Once folks actually see the potential(season starts), I think the skill position recruiting will only improve for 2014 and 2015. I know the Speight commitment has mixed reviews thus far, but if the coaches did want another 2014 Qb, it may be a much easier sell  once the season starts and a kid can see themselves as Devin or Gallon, etc..

joeismyname

February 7th, 2013 at 2:06 AM ^

i think Hoke needs to watch some of Harbaugh's usage of Kapernick and Frank Gore this year.
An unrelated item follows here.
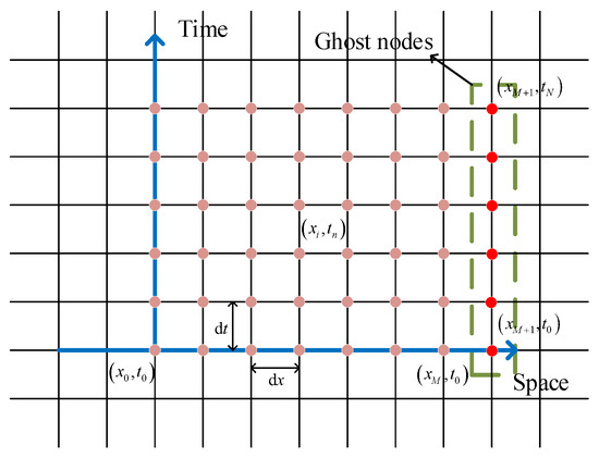 To derive the finite difference format of Equation (18), a grid of points needs to be firstly defined in the plane. Let and be two positive integers defining the number of equally spaced points in the spatial and temporal domains, respectively. The intervals of length in the spatial and temporal directions are represented by and , as shown in Figure 6. With this definition, () and ().
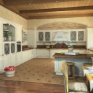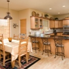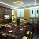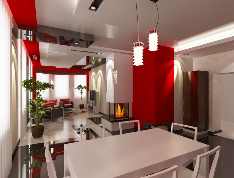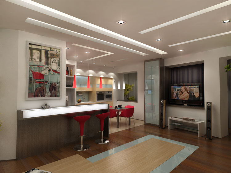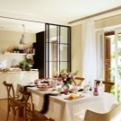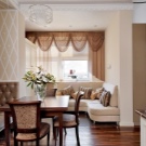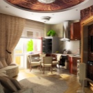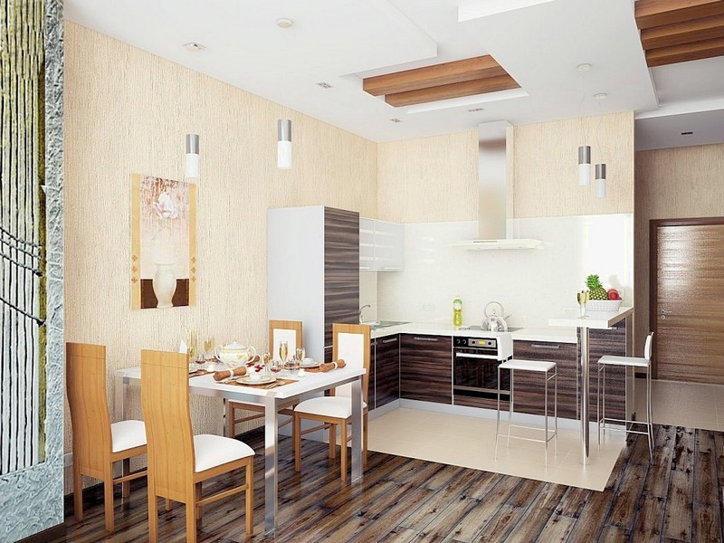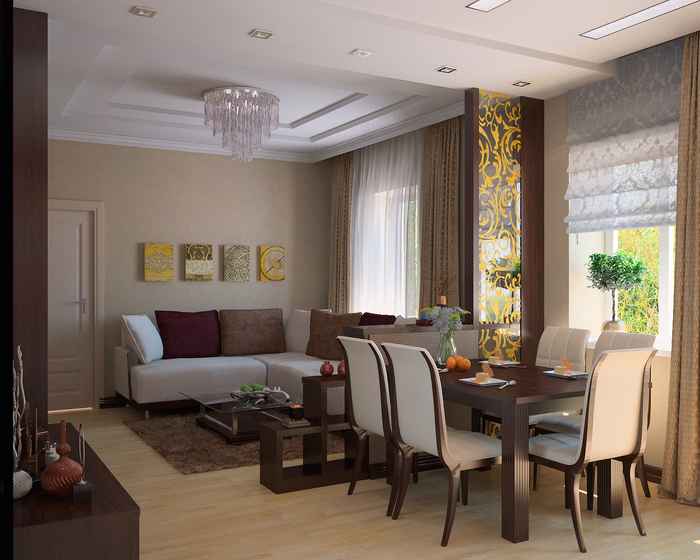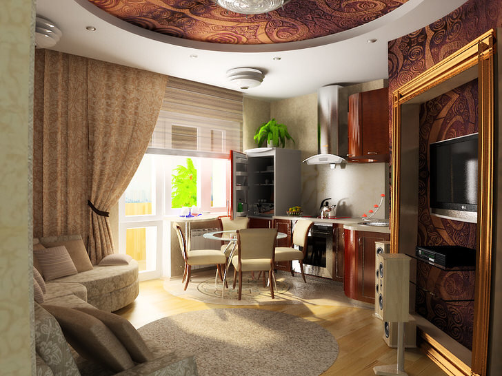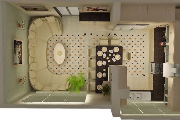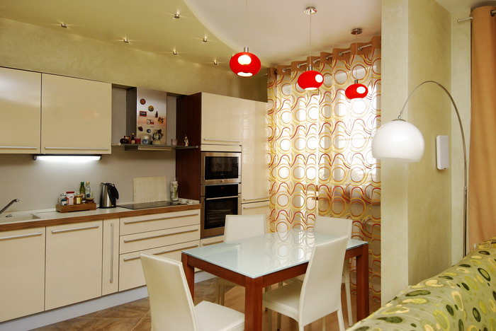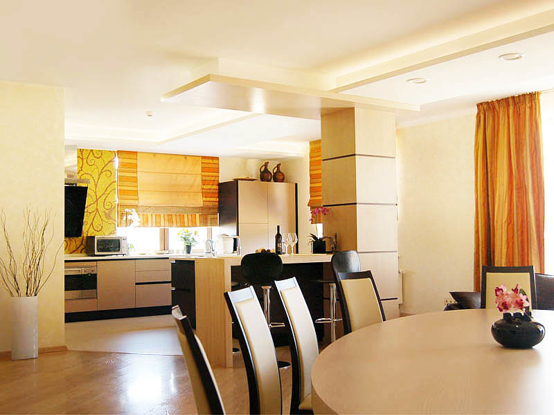 Une option simple (mais pas toujours économique) consiste à utiliser différentes méthodes de décoration intérieure des murs, des sols et des plafonds dans différents domaines fonctionnels. Vous pouvez, par exemple, carreler la cuisine avec du carrelage - c’est l’un des meilleurs matériaux pour cette pièce. Vous pouvez aussi appliquer du papier peint moderne sur la pièce à vivre et recouvrir le sol de sols stratifiés. Le plafond peut être du même matériau, par exemple, monté avec un cadre en placoplâtre et de la peinture. Et faites une transition de plafond d'une zone à une autre sous la forme d'une différence de niveau. Le contraste des matériaux de finition apportera une belle séparation visuelle des deux territoires. Avec cette méthode, il est bien sûr nécessaire de prendre en compte la combinaison harmonieuse des couleurs des matériaux de finition dans deux zones. Il est préférable de choisir des nuances proches. N'oubliez pas les meubles, qui doivent également être visuellement harmonieux dans les deux zones fonctionnelles.

It seems that Derrick Green/Fitz/Deveon Smith share simliar running attributes to Gore, and Kapernick and Gardner both have speed, length, and arm strength. I hope Jim and Brady have been talking offensive strategy. 

Also, Devin Funchess could be our Vernon Davis type huge play tight end.

michgoblue

February 7th, 2013 at 7:40 AM ^

I know it is far off, but picture an offense with the following 3rd year players:

Qb - Morris

RB - green / smith

TE - butt / funchess

OL - some combo of the beasts from the '12 class and the beasts from the '13 class

WR - at least 1-3 of the receivers from this class and last will emerge as solid to good receivers. Of we run 2-TE like the pats, we can certainly get by with any 2 beig good.

Looks like a pretty scary good offense to me.

Blue boy johnson

February 7th, 2013 at 10:34 AM ^

I like Khalid Hill as sleeper. Hill is a very fluid runner and at his size will be a load to bring down in the secondary.

Derrick Green is the most NFL looking running back I've ever seen. I think it is hard to get a grasp on how big that kid is. I was watching a clip of Green at a summer camp, he was truly a man amongst boys and this was from his soph hs season, or something ridiculous like that.